Exercise description: Any picture must be dropped, but each line of the data should be duplicated exactly.

Dataset content:
========================================

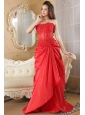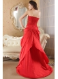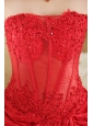 Home >  Prom Dresses >  Beautiful Prom Dresses > Red A-line Strapless Prom Dress Brush Train Taffeta Lace
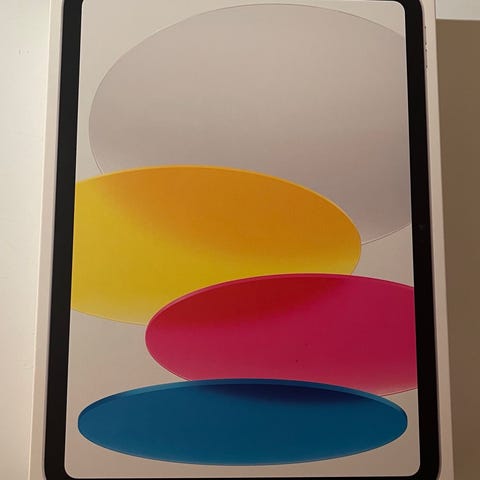 Apple iPad 11 nettbrett med 128 GB lagringsplass. Nettbrettet egner seg til bruk som arbeidsverktøy, underholdning, nettlesing og apper. Bildene viser nettbrettet med skjerm, bakside og original emballasje. Det følger også med en Apple Pencil som kan brukes til tegning, notater og presis navigering på skjermen, samt ladekabel som vist på bildene.
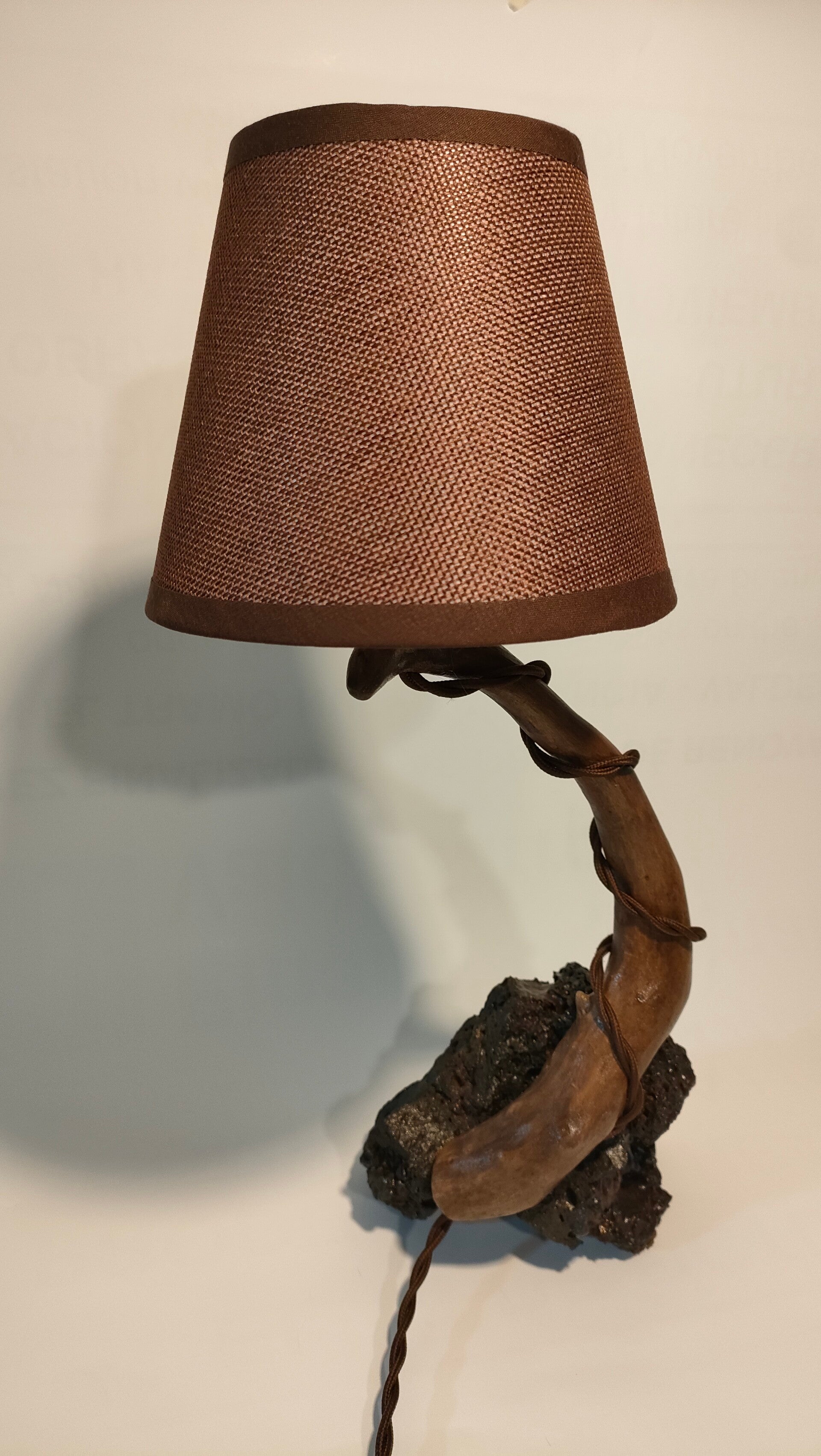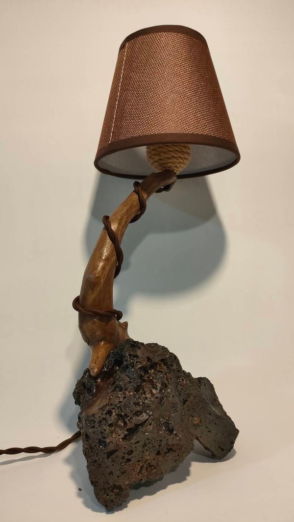 Realizada completamente a mano a partir de una rama natural, posada sobre una roca de fundición. Con tulipa y casquillo forrado en cuerda, para bombillas E27 (no incluida) y cable rústico enroscado.

========================================

Task answer:
 Home >  Prom Dresses >  Beautiful Prom Dresses > Red A-line Strapless Prom Dress Brush Train Taffeta Lace
 Apple iPad 11 nettbrett med 128 GB lagringsplass. Nettbrettet egner seg til bruk som arbeidsverktøy, underholdning, nettlesing og apper. Bildene viser nettbrettet med skjerm, bakside og original emballasje. Det følger også med en Apple Pencil som kan brukes til tegning, notater og presis navigering på skjermen, samt ladekabel som vist på bildene.
 Realizada completamente a mano a partir de una rama natural, posada sobre una roca de fundición. Con tulipa y casquillo forrado en cuerda, para bombillas E27 (no incluida) y cable rústico enroscado.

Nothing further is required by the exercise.